(Oil Price) – Chevron is betting on the multi-billion acquisition of Hess Corp to boost its assets with high-quality Guyana acreage where billions of barrels of oil equivalent have been discovered.
Chevron’s reserves replacement ratio has dropped in recent years and its oil and gas reserves have now declined to the lowest level in at least a decade, according to a Reuters analysis.
The falling reserves and the reserves replacement ratio (RRR) at below 100% make the proposed acquisition of Hess key to boosting Chevron’s asset base and RRR in the short term.

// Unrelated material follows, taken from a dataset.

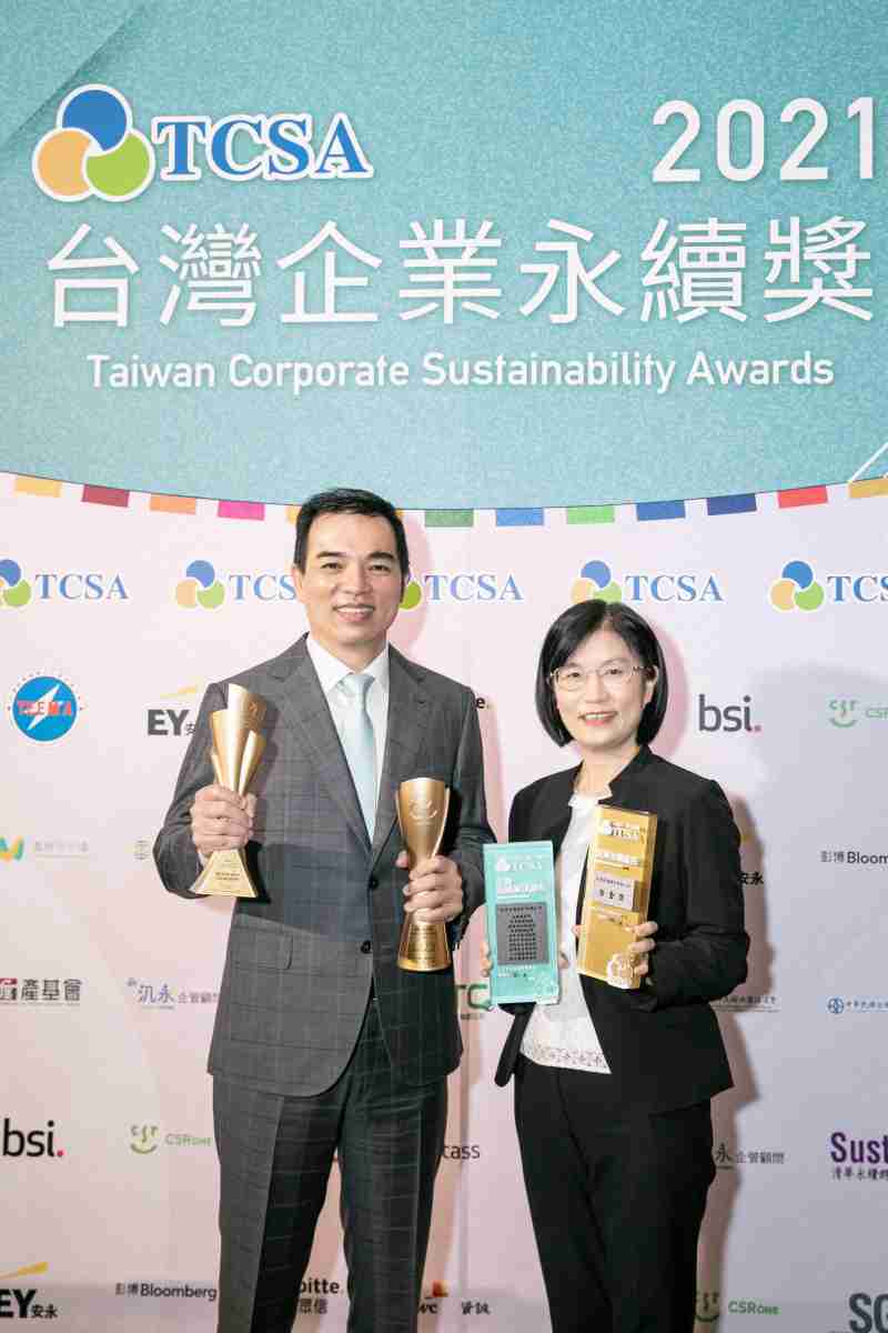 达在台湾永续奖所评比环境、、社会、、治理等各面向的永续绩效均获高度肯定 (左:william威廉中文官网光电总经理暨营运长柯富仁,,,右:william威廉中文官网光电永续长古秀华)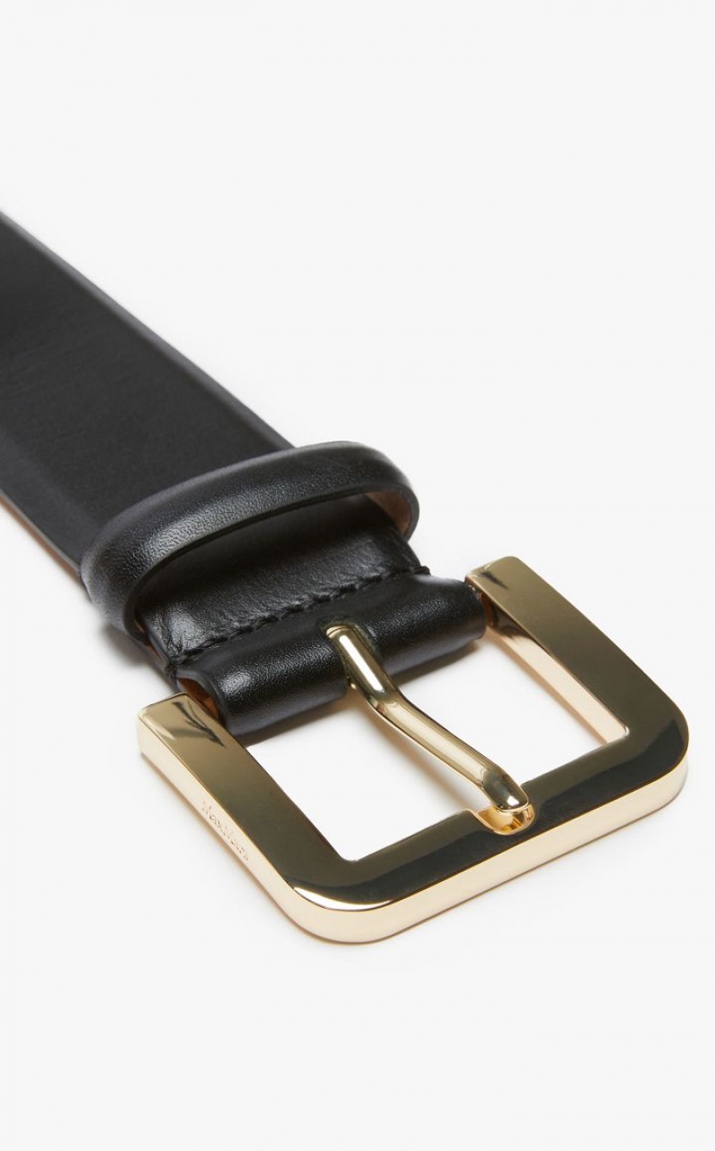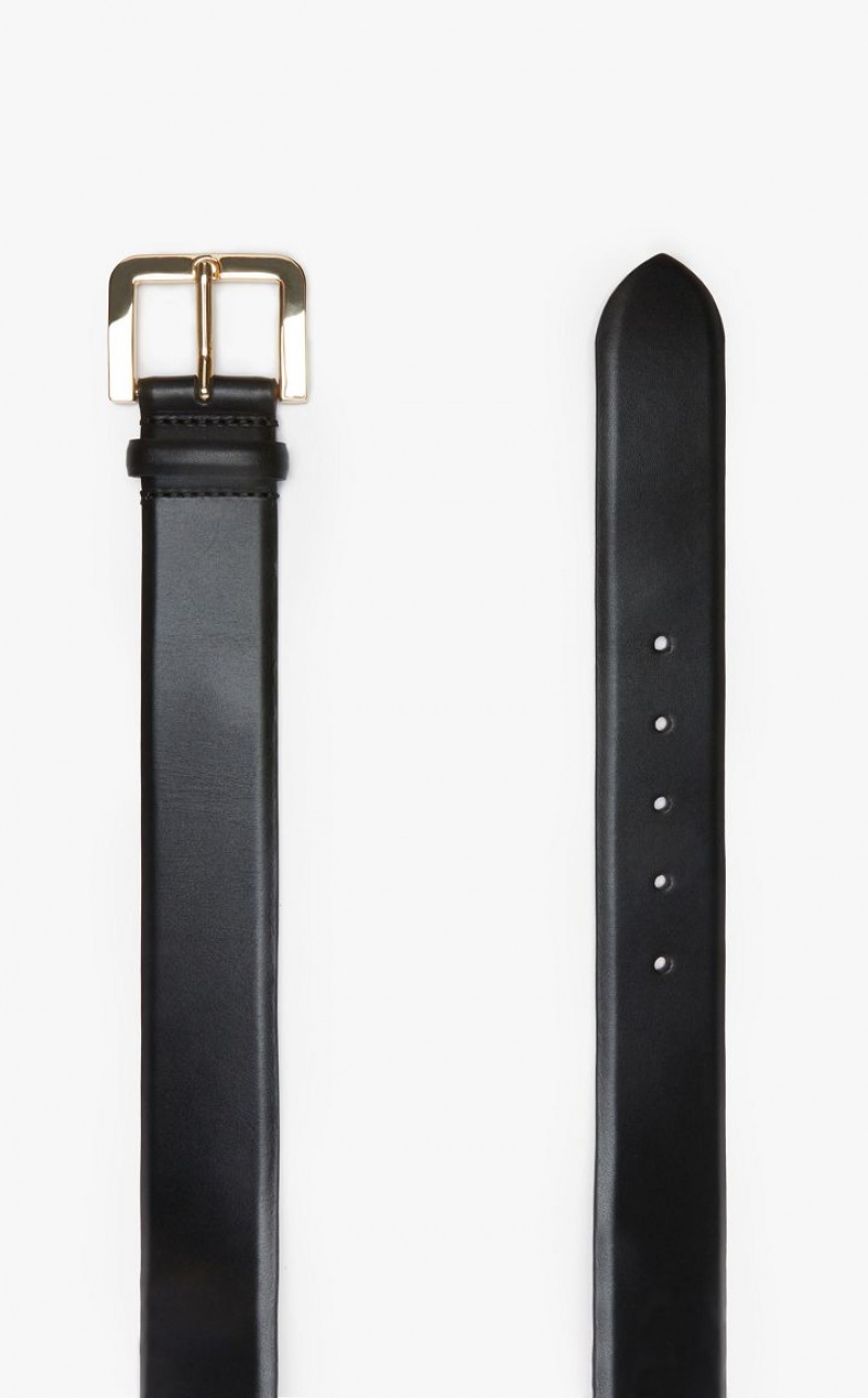 Leather belt, with rounded tip and single loop. Pin buckle with semi-glossy transparent finish. Width: 4 cm.

On the Q4 earnings call at the end of last month, Chevron said that its reserves replacement ratio (RRR) was -4% for 2024, with the largest reductions in proved reserves coming from production and the sale of oil sands and shale and tight assets in Canada. Additions to reserves were mainly from extensions and discoveries in the Permian and DJ Basins.

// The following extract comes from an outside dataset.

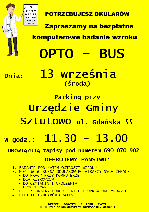 W imieniu firmy TOP-OPTYKA serdecznie zapraszamy do skorzystania z bezpłatnych komputerowych badań wzroku dla mieszkańców Gminy Sztutowo w dniu 13 września (środa) w godzinach 11.30-13.00 na parkingu przy Urzędzie Gminy.
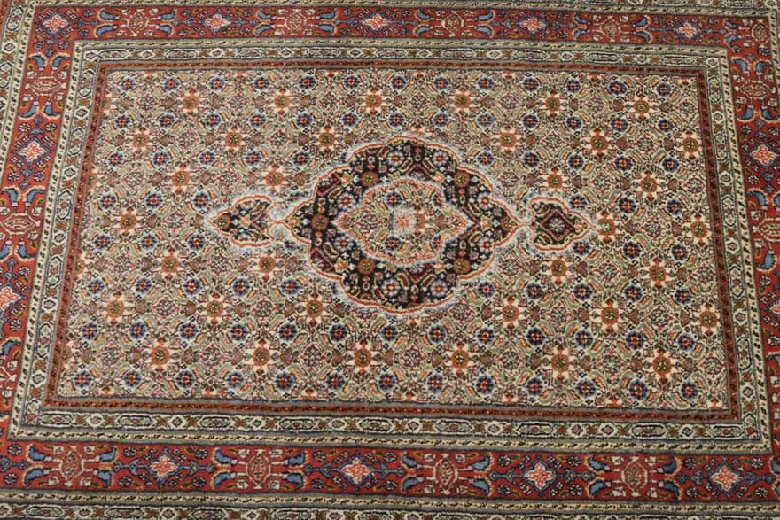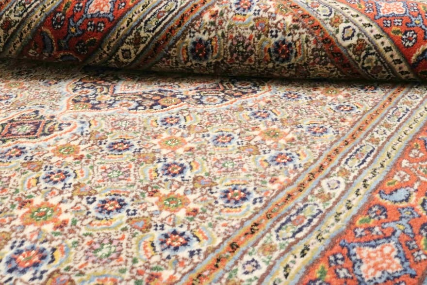 Das Medaillon-Muster des Moud Teppichs ist eines der charakteristischsten Designs in der Teppichkunst. Es besteht aus einem zentralen Medaillon, das von einer Vielzahl floraler oder geometrischer Motive umgeben ist. Diese symmetrische Anordnung schafft eine harmonische und ausgewogene Ästhetik, die sowohl modern als auch klassisch wirkt. Medaillon-Muster sind oftmals in den prächtigsten Räumen zu finden, wo sie als Blickfang dienen.

Excluding impacts from asset sales and acquisitions, organic reserves replacement ratio was 45%, Chevron said, reminding investors that reserves associated with shale development are limited to a five-year planning and execution period per SEC regulations.
During the past 10-year period, Chevron’s reserves replacement ratio was 88%, it said.
The ratio below 100% means that Chevron is depleting reserves faster than it can replace them.
The $53-billion acquisition of Hess would help increase the reserves and the RRR thanks to Hess’s 30% stake in the Stabroek block offshore Guyana where the operator Exxon has found more than 11 billion barrels of oil equivalent resources.
However, the deal has yet to clear several milestones before closing. The most important – and potentially most problematic – is the arbitration that Exxon and CNOOC, the third partner in Guyana’s prolific block, are seeking with Chevron over the proposed acquisition of Hess.
Exxon and China’s CNOOC claim that their current partnership terms with Hess Corp in the Stabroek Block give them the right of first refusal to the acquisition of Hess’s stake.